The Semantic Web and Linked Data movements with the aim of creating, publishing and interconnecting machine readable information have gained traction in the last years.
However, the majority of information still is contained in and exchanged using unstructured documents, such as Web pages, text documents, images and videos.
This can also not be expected to change, since text, images and videos are the natural way in which humans interact with information.
Semantic structuring of content on the other hand provides a wide range of advantages compared to unstructured information.
Semantically-enriched documents facilitate information search and retrieval, presentation, integration, reusability, interoperability and personalization.
Looking at the life-cycle of semantic content on the Web of Data, we see quite some progress on the backend side in storing structured content or for linking data and schemata.
Nevertheless, the currently least developed aspect of the semantic content life-cycle is from our point of view the user-friendly manual and semi-automatic creation of rich semantic content.

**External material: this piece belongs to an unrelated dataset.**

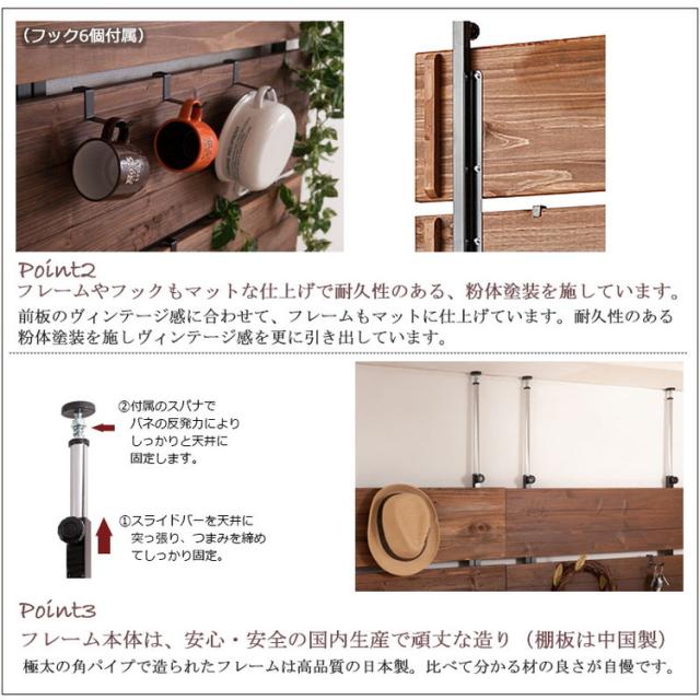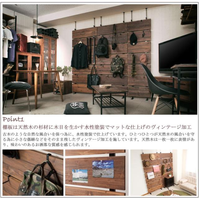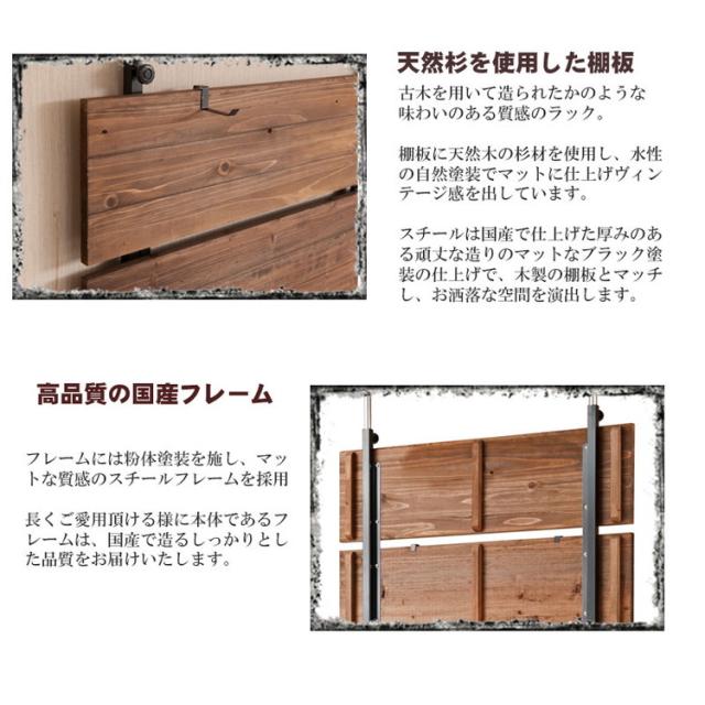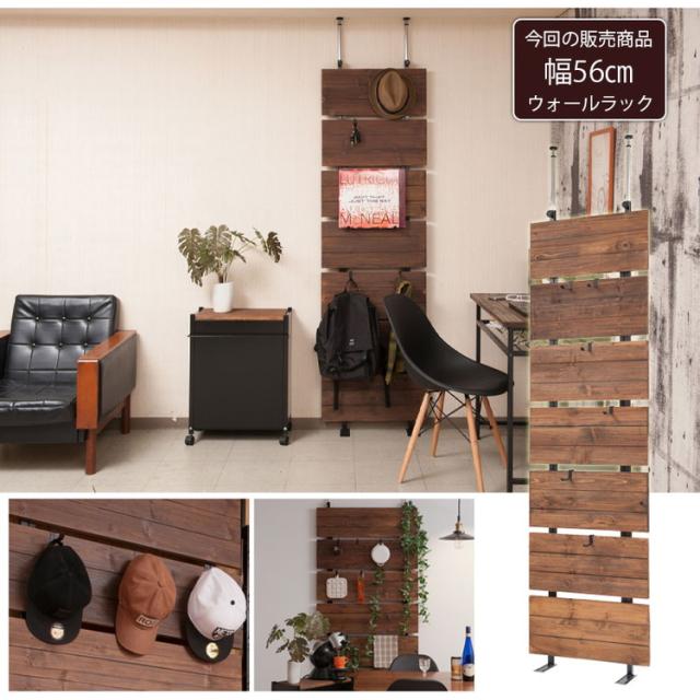 Bitto ウォールラック 幅56 つっぱり 天然木 ヴィンテージ アメリカン 西海岸インテリア 杉 壁面ラック 薄型 ディスプレイラック 店舗什器 カフェ 幅56(代引不可)【送料無料】

In this thesis, we propose a semantics-based user interface model, which aims to reduce the complexity of underlying technologies for semantic enrichment of content by Web users.
By surveying existing tools and approaches for semantic content authoring, we extracted a set of guidelines for designing efficient and effective semantic authoring user interfaces.
We applied these guidelines to devise a semantics-based user interface model called WYSIWYM (What You See Is What You Mean) which enables integrated authoring, visualization and exploration of unstructured and (semi-)structured content.
To assess the applicability of our proposed WYSIWYM model, we incorporated the model into four real-world use cases comprising two general and two domain-specific applications.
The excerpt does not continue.